# Stuart, FL to Key Largo/Islamorada



## JSailer (Mar 11, 2005)

Hello,

Looking for advice for taking our O'Day 30 from Stuart, FL to Key Largo or maybe Islamorada at the end of December.
I guess my biggest question is do we go down outside or stay in with all the bridges to deal with?
We will sail during daylight only and spend the night inside no matter which route we decide on, two adults, no autopilot, no dodger.

How much speed can we expect to lose heading South against the Gulfstream (even if staying close to shore)?

Thanks!


----------



## night0wl (Mar 20, 2006)

Dont know how much sailing you'll get to do on the inside route. Past Stuart, the ICW gets real narrow clear through Lake Worth...and then narrow again as you come into Boynton Beach all the way through Biscayne Bay. The inside route is generally the cocktail cruiser route...lots of engine time, but safe, generally calm...but slow with lots of bridges.

I think most people would leave Stuart on the outside and (depending on your timing) come into either Port Everglades (Ft Lauderdale) or Miami. Then push through the second leg to Key Largo/Islamorada on the outside...or if in Miami, cruise Biscayne down.


----------



## gtod25 (Aug 5, 2000)

*Just brought a Hunter 30 from the Florida W coast...*

via Stuart to Miami. Did an overnight from Stuart and it was bliss. Stay well in (max 2 miles off) or you will loose 1 to 2 kts. If you don't plan to do an overnight do the ICW. But if you want to try one and the weather agrees go outside.

Fair Winds

Gerry


----------



## JSailer (Mar 11, 2005)

Thanks, it kind of confirms what I thought.
I'm concerned the Stuart-Port Everglades (or Miami) leg is too long in one shot (80 NM to PE, 100 NM to Miami) as I'm not sure we want to be out there at night, but it is worth considering.
Otherwise the plan would be a short first leg and to go in at Lake Worth inlet for the night, then the next leg Lake Worth-Miami (about 70 NM) which is still a stretch in one day in the winter with the sun going down at 5 or so.
Are there any good places to go in between Lake Worth and PE? 
On the chart, I see the Boyton, Boca Raton and Hillsboro inlets. I am not familiar with those. Does anyone know if they are easy to get in and good for an overnight? It certainly would help me by stretching the first leg a bit more.


----------



## gtod25 (Aug 5, 2000)

*Check out this resource...*

ActiveCaptain - The Interactive Cruising Guidebook - Marina Reviews, Fuel Prices, Anchorages

for anchorages etc.

ref the overnight.
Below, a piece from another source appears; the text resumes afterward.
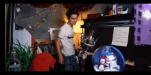 Aidan Gallagher smiles and interacts in a festive room with a piano and Christmas decorations.
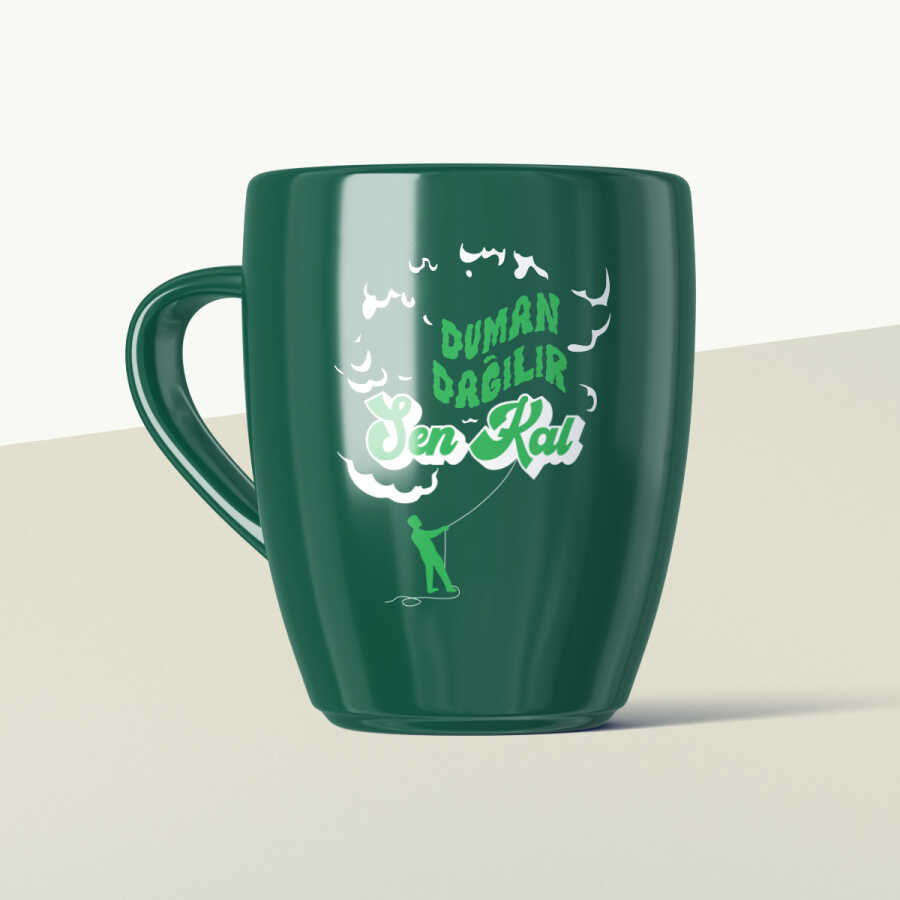 Duman Dağılır Sen Kal Mottolu Yeşil Seramik Kupa – 300 cc

For any trip over 60nm an overnight is the way to go. It takes all the pressure off, leave late get in during daylight. Skip Port Everglades and head for Noname harbor on Biscayne Bay.


----------



## JSailer (Mar 11, 2005)

Thank you Gtod for the link. It's very helpful.
Well, I have now easily determined that Boynton and Boca Raton inlets are not usable but Hillsboro inlet looks like a possibility if needed.
Anyone with first hand knowledge of it?


----------



## Yorksailor (Oct 11, 2009)

Done that trip 5 times...We sail outside and stay close to the beach, no more than 1/2 mile....there is often a 1/2 knot counter current going south which is often defined by the weed line.

Once you get south of Miami go down Hawkes Channel, which can be hard at night but you can anchor outside No Name Harbor and leave at daylight for Key Largo or go down Biscayne Bay and anchor off Elliot or Pumpkin Key. From there go down the ICW which is work or exit at Broad/Anglefish Creek to get back to Hawkes Channel for a daylight trip to Islamorada.

I have never understood why anybody goes down the ICW south of Canaveral...the bridges are just too much trouble. South of Miami you do need the chart pack or a good chart plotter. The entry or exit at Islamorada is Snake Creek.

All the entries are a challenge and difficult in the dark unless you know them. Hillsboro, Lauderdale, Miami, Biscayne Bay Channel (Stiltsville) get confusing in the dark once you are inside and except for Stiltsville do not have convenient anchorages.


----------



## night0wl (Mar 20, 2006)

JSailer said:


> *snip*
> 
> On the chart, I see the Boyton, Boca Raton and Hillsboro inlets. I am not familiar with those. Does anyone know if they are easy to get in and good for an overnight? It certainly would help me by stretching the first leg a bit more.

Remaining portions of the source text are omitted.